Jadi selain ada jadwal rutin harian ada jadwal rutin mingguan. Membersihkan kandang dari litter dan kotoran, menyiram dengan desinfektan, menyiapkan pemanas, memasukkan DOC ke kandang sambil divaksinasi, adalah kegiatan rutin mingguan.
Sedangkan rutin bulanan adalah gajian dan saya ikutan mendapat gaji tersebut.
Jadwal harian nggak ada masalah, kadang kadang yang bentrok dengan jadwal kuliah adalah jadwal mingguan. Dengan Cuma empat karyawan plus populasi ayam 30.000 ekor, kadang2 keteter juga, terpaksalah Farm Manager sementara ini turun tangan.
Apalagi jika akan ada ujian, tangan kiri membawa sekop untuk membersihkan kotoran ayam, tangan kanan bawa catatan kuliah yang akan diujikan. Repot memang, tapi Alhamdulillah yang penting saya nggak kesulitan makan dan tempat tinggal.

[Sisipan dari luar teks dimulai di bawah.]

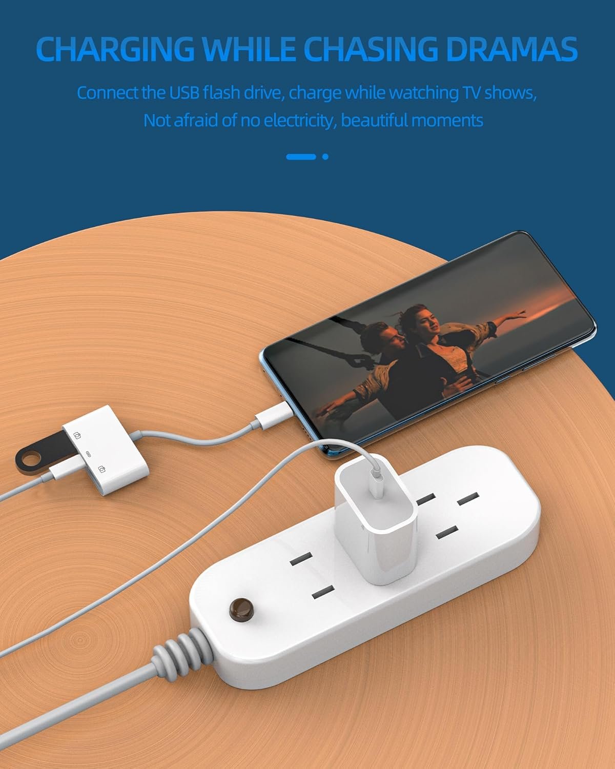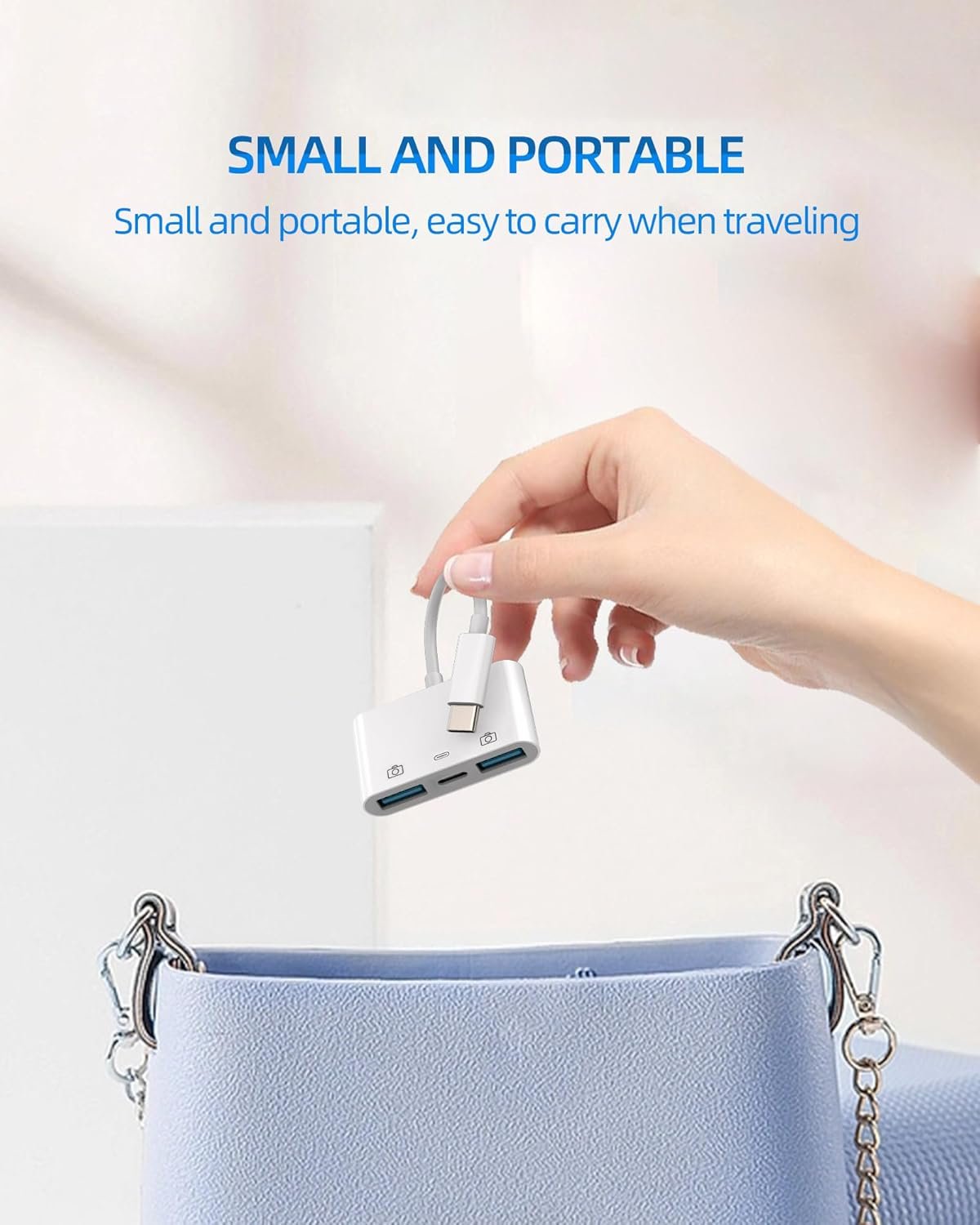 USB-C to Dual USB A Adapter(3in1)Type-C Charge Cable Accessorie Thunderbolt Charging Port Converter Keyboard Mouse U Disk USB Card Reader OTG Dongle Compatible for Samsung LG Pixel Macbook Pro

Begitu juga vaksinasi DOC, satu persatu anak ayam dipegang kemudian divaksinasi dengan cara tetes mata. Lima ribu ekor dipegang dan ditetesi, ini bisa menghabiskan waktu sampai berjam-jam, selesai tengah malam, tiap minggu rutin.
Lama-lama tenaga dan waktu terkuras juga rasanya, kalau ini saya biarkan bisa fatal. Kesempatan saya kuliah tinggal sekali ini saja. Jika gagal lagi, tidak ada ampun harus DO, keluar dari IPB tanpa gelar. Ih ngeri sekali, takut saya membayangkan. Apa akal?
Saya krim surat ke orang tua di Wonorejo panjang lebar, akhirnya pada kesimpulan, adik saya yang no 4 Anang namanya baru lulus SMA, diperbantukan ke Ciawi sambil membawa seorang pembantu.
Kedatangan mereka dapat memecahkan masalah, paling tidak, saya bisa makan tanpa masak sendiri, cuci baju beres dan yang penting farm ini ada yang jaga dan ada yang bantu bersihkan kandang, Beres.
Saya bisa konsentrasi belajar lagi sambil membenahi akunting farm. Dari sinilah saya bisa mempraktekkan system akuntansi yang berlaku di perusahaan peternakan, sebagaimana ilmu yang saya dapatkan di bangku kuliah.
Ditempat yang sunyi dan sejuk ini membuat temen pada senang berkunjung kemari, Uyun, Anto dan Hery sering ngumpul bahkan berhari-hari disini. Saya senang juga karena ada teman belajar.
Grup lain yang sering kumpul disini adalah Joko dan Wisnu dengan VW kodok warna biru itu. Wisnu yang ayahnya kerja di BRI itu tinggal di Yogya, suatu ketika dengan VWnya kami berlibur kesana bertiga.
Bulan demi bulan berjalan dengan damainya, waktu itu, saya sarankan agar adik saya mau kuliah, dia setuju dan mulailah dia menjadi Mahasiswa di Universita Pakuan Bogor dengan bangganya, mengiringi saya naik tingkat IV dengan IP kembali dua koma Alhamdulillah.
Namanya resiko usaha, rupanya bisa terjadi dalam usaha apa saja, tidak terkecuali dibidang peternakan ayam broiler ini.
Pulang dari kuliah saya dikejutkan oleh laporan adik saya bahwa mulai tadi siang banyak ayam yang mati dan sudah dilaporkan ke P. Budi oleh adik saya lewat telpon.
Beberapa orang dokter hewan didatangkan, ternyata memang lagi ada wabah penyakit Gumboro dan Coccidiosis bersamaan.
Penyakit Gumboro disebabkan oleh virus yang menyerang kekebalan, tubuh ayam jadi lemah. Saat bersamaan ada serangan penyakit coccidiosis, virus yang menyerang lambung ayam. Ayam yang terserang penyakit ini, tiba tiba meloncat tegak lurus keatas dan brugg jatuh, langsung mati dan ketika dibedah, lambungnya penuh dangan darah segar.
Penyebaran kedua penyakit ini lewat udara dan sangat cepat.
Tindakan yang dilakukan adalah membakar bangkai ayam yang mati dan menguburkan ditempat yang agak jauh. Sementara yang masih hidup dan bisa dijual, dijual segera.
management memutuskan bahwa farm dikosongkan sampai batas waktu yang belum bisa ditentukan.